No, I feel like it’s all about the intention, the meaning behind it. My jokes are just that, jokes. There is no grand vision, no political or social message. If the joke is funny enough then the ends justify the means. Look, I say some horrific things in my act and, yes, if you take those things at face value then clearly they are unacceptable. But I think it’s pretty obvious that, in context, those subjects or ideas are merely vehicles for comedy, that they are designed to elicit laughter and nothing more. If I was using my shows to put forward a manifesto on how we should live our lives then maybe it would be a different story, but I’m not. I’m just trying to make you laugh.
Do you ever worry about offending people?
Not really. If you believe in free speech, you have to be prepared to hear things you don’t like – that’s kind of the deal. If you say someone is “offended”, what you’re really saying is that they’re feelings got hurt. That doesn’t put you in the right. If you’re not laughing, you’re well within your rights to just not listen. That’s absolutely fine.
You came to stand-up comparatively late at the age of 26. Why was that?
Well I just wanted to do something different, really. I had a very cushy job in marketing having worked very hard at university to get there. But I wasn’t satisfied. If I’d known that it was possible to work in television earlier, I would have probably wanted to be a producer or something. I didn’t know anyone in that world though, it wasn’t an option. So instead I decided to join the circus in my mid-twenties and do stand-up comedy instead.
You obviously combine doing stand-up with a lot of TV work these days. Which do you prefer doing?

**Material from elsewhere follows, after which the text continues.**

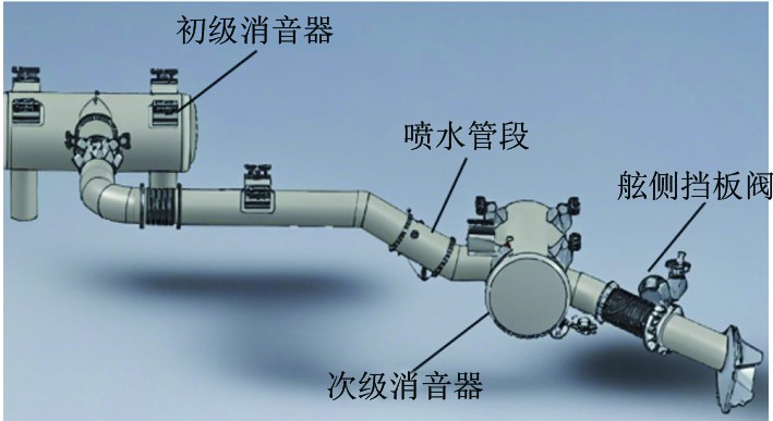 典型海水喷淋舷侧排气系统通常由初级消音器、喷水管段、次级消音器、舷侧挡板阀及排气管路等部件构成(见图8)。根据平台空间布局的实际需求,消音器可采用整体式结构设计。该系统设计的核心问题在于必须有效防止舷外海水倒灌进入发动机内,对于靠近舷侧的发动机,可采用倒U型排气管路布置方案。同时,需重点开展以下技术工作:排气背压校核计算,特别要考虑短时上浪工况对排气背压的瞬态影响;确保系统背压参数满足发动机运行要求,必要时可在保证舰船总体性能的前提下对发动机功率进行适当调整;对可能接触海水的管路及部件应采取专门的防腐措施,防止海水腐蚀影响系统可靠性[7 − 8]。

It’s an odd for me, they feel very distinct. Making television is collaborative – being the host is great because there’s a whole group of people working to make you look good. Live stand-up is very different. You’re on your own and that can be stressful. You’ve got more freedom though. With TV, even if it’s late night, you’re ultimately being beamed into people’s homes, sometimes uninvited. With a live gig, people have paid to see you. That allows you to push it that little bit more.

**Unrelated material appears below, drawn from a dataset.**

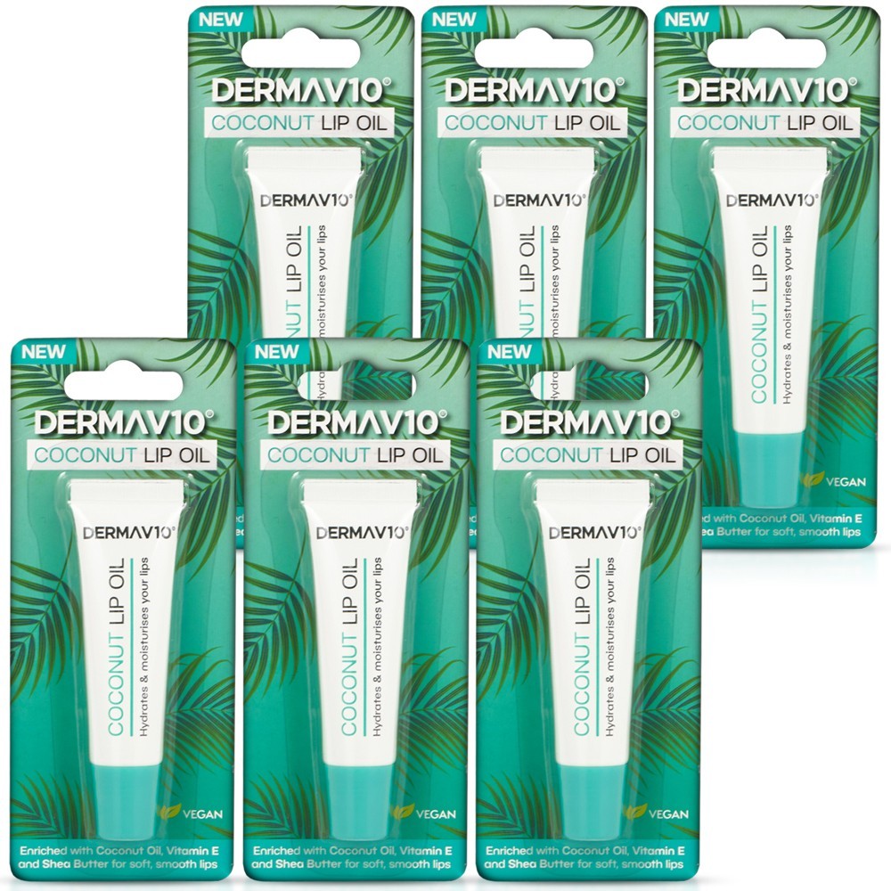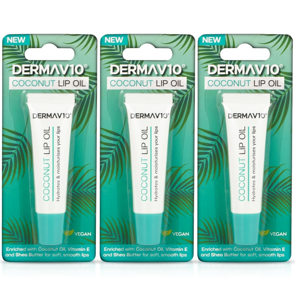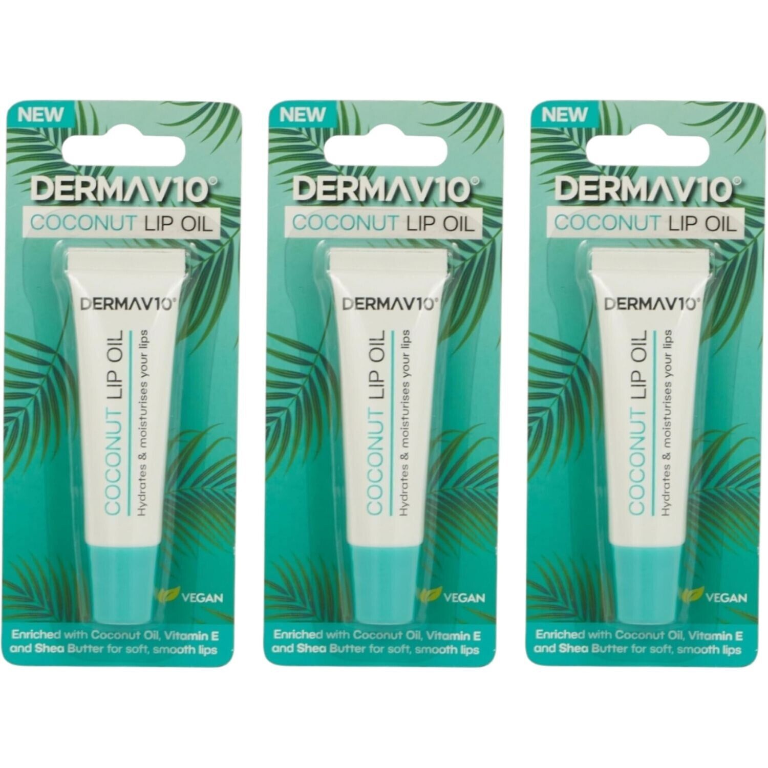 3x DermaV10 Coconut Lip Oil - Hydrates | Vitamin E | Shea Butter | Vegan- 10ml

How do you feel about being famous?
I like it. I think comedy brings a nice shade of fame though, because you’re well-known but no one puts you on too much of a pedestal. It’s not like being another kind of performer, an actor or singer say, where people are perhaps more reverential of your talent. Everyone – or nearly everyone – has a sense of humour, so people just tend to try and make me laugh. What’s not to like?